DATA FOR PROCESSING:
- - - -
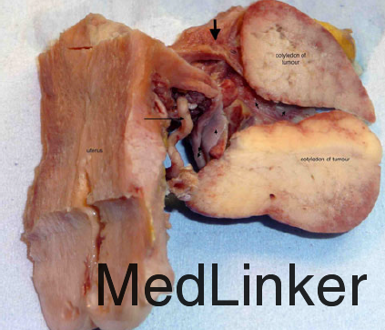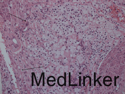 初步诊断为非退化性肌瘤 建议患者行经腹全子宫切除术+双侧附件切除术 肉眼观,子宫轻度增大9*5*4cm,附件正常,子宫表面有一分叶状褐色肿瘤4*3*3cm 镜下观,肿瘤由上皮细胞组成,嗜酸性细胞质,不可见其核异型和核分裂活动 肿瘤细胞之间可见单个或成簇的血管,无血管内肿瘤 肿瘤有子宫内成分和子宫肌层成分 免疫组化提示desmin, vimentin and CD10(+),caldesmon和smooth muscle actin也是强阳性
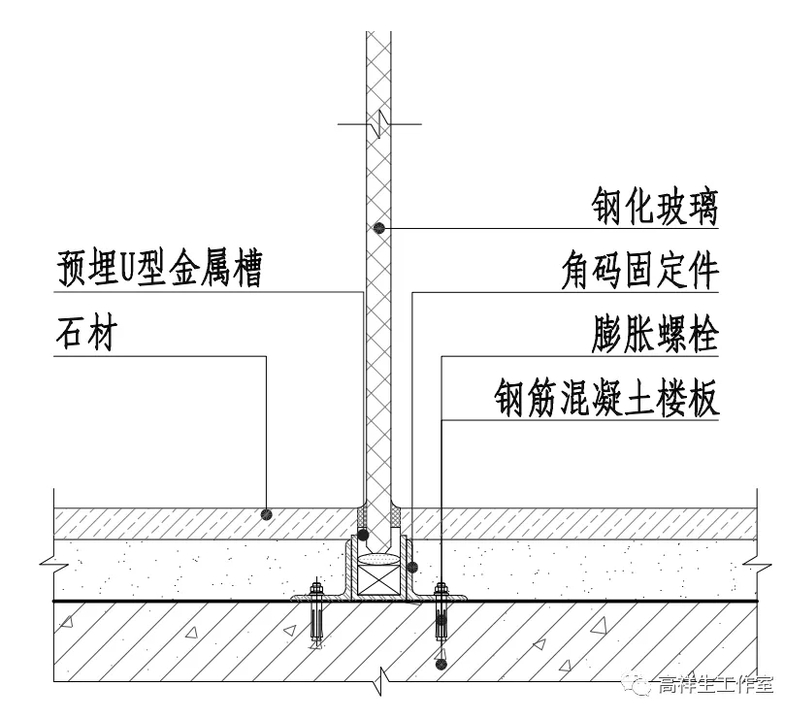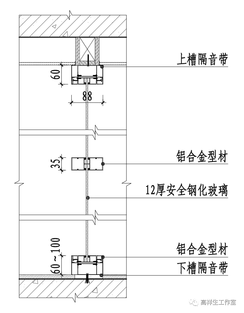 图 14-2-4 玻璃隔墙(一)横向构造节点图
- - - -
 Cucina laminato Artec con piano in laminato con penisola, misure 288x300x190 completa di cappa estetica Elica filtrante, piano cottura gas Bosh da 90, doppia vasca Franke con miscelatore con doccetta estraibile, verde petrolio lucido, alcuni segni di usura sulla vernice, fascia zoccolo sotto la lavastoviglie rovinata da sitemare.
- - - -
INSTRUCTIONS FOR THE TASK:
The material above holds pictures; leave them out. Repeat exactly the lines from the one containing "CD10(+),caldesmon和smooth muscle actin也是强阳性" through the one containing "图 14-2-4 玻璃隔墙(一)横向构造节点图", and nothing else.

EXERCISE RESULT:
 初步诊断为非退化性肌瘤 建议患者行经腹全子宫切除术+双侧附件切除术 肉眼观,子宫轻度增大9*5*4cm,附件正常,子宫表面有一分叶状褐色肿瘤4*3*3cm 镜下观,肿瘤由上皮细胞组成,嗜酸性细胞质,不可见其核异型和核分裂活动 肿瘤细胞之间可见单个或成簇的血管,无血管内肿瘤 肿瘤有子宫内成分和子宫肌层成分 免疫组化提示desmin, vimentin and CD10(+),caldesmon和smooth muscle actin也是强阳性
 图 14-2-4 玻璃隔墙(一)横向构造节点图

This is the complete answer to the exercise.